CTX PROTECTION SOCIALE, 12 mars 2025 — 22/00542
Texte intégral
TRIBUNAL JUDICIAIRE DE VALENCIENNES POLE SOCIAL
JUGEMENT DU DOUZE MARS DEUX MIL VINGT CINQ
N° RG 22/00542 - N° Portalis DBZT-W-B7G-F4RK N°MINUTE : 25/136
Le treize décembre deux mil vingt quatre
Le tribunal judiciaire de Valenciennes, statuant en matière de protection sociale, siégeant au palais de justice de ladite ville, sous la présidence de :
Mme Aurélie LA ROSA, Vice-présidente, assistée de : M. Mickaël MARSY, assesseur représentant les travailleurs salariés M. Joseph GEILLER, assesseur représentant les travailleurs non salariés
En présence de Mme Léa PIANET, attachée de justice et de Mme Marie-Luce MAHE, faisant fonction de greffière
A entendu l’affaire suivante :
Entre :
M. [P] [E], demandeur, demeurant [Adresse 1], comparant assisté de Me Jean-Marc VILLESECHE, avocat au barreau d’AVESNES-SUR-HELPE D'une part, Et :
Association [4] “[12]”, défenderesse, dont le siège social est sis [Adresse 2], représentée par Me Jean-luc HAUGER, avocat au barreau de LILLE
Avec :
[9], partie intervenante, dont le siège social est sis [Adresse 3], représentée par Mme [G] [C], agent dudit organisme, régulièrement mandatée
D'autre part,
Puis, après avoir avisé les parties de ce que le jugement serait rendu le 12 février 2025 par mise à disposition au greffe, en avoir délibéré conformément à la loi et avoir prorogé le délibéré au 12 mars 2025, a statué dans les termes suivants :
EXPOSE DU LITIGE
M. [P] [E] a été embauché dans le cadre d’un contrat à durée indéterminée à compter du 1er mars 2008 en qualité d’éducateur sportif, pour le compte de l’association [4].

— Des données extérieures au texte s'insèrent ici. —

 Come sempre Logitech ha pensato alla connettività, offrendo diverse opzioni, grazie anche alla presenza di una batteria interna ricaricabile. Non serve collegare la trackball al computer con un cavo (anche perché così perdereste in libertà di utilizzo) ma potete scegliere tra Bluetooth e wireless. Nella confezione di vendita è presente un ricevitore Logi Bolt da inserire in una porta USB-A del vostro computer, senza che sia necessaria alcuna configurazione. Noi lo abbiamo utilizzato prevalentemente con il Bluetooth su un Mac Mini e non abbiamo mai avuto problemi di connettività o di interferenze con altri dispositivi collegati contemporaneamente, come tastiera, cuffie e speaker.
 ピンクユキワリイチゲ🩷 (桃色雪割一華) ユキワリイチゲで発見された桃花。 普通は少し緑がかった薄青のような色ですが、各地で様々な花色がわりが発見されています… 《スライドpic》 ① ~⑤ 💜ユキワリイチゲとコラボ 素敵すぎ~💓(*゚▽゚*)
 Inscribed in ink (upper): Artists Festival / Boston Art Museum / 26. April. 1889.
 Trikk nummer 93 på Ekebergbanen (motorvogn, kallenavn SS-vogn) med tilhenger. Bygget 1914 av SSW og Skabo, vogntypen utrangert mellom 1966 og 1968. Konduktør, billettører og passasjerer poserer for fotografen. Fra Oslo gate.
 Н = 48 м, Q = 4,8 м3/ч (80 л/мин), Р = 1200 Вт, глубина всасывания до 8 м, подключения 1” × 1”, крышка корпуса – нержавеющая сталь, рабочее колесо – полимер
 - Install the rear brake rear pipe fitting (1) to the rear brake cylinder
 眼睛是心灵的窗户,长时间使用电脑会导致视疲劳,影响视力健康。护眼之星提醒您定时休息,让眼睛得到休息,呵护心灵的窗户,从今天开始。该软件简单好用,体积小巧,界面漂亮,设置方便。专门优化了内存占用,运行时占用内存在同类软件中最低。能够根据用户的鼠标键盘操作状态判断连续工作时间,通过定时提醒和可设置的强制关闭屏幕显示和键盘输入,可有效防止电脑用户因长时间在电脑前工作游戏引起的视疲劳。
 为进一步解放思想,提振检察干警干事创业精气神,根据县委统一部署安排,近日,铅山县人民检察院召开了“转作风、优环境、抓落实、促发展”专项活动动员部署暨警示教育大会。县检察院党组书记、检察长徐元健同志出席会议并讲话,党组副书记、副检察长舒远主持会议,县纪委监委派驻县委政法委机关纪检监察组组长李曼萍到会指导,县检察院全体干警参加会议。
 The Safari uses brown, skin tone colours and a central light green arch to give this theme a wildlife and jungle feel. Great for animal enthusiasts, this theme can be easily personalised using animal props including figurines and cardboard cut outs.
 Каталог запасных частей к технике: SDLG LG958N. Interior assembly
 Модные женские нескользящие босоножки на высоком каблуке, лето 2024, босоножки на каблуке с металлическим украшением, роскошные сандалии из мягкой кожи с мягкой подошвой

Par une décision du 19 novembre 2018, la [6] (ci-après [8]), a pris en charge l’accident de M. [P] [E] survenu le 10 juillet 2018, au titre de la législation relative aux risques professionnelles.

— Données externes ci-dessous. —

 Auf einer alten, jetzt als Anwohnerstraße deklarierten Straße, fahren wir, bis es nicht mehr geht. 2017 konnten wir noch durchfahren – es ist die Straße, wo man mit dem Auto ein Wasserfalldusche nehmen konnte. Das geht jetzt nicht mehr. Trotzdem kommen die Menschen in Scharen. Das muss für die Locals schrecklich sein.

Le 18 octobre 2022, M. [P] [E] a saisi la [6] d’une demande en conciliation de la faute inexcusable de l’employeur.
Son état n’étant toujours pas consolidé, la caisse l’a invité à saisir directement le tribunal de céans.
Par requête de son conseil, M. [P] [E] a ainsi saisi la présente juridiction le 09 décembre 2022 d'une demande de reconnaissance de la faute inexcusable de l’association [4] « [12] ».
L’affaire initialement appelée à l’audience du 31 mars 2023 a finalement été retenue, après plusieurs remises à l’audience du 13 décembre 2024.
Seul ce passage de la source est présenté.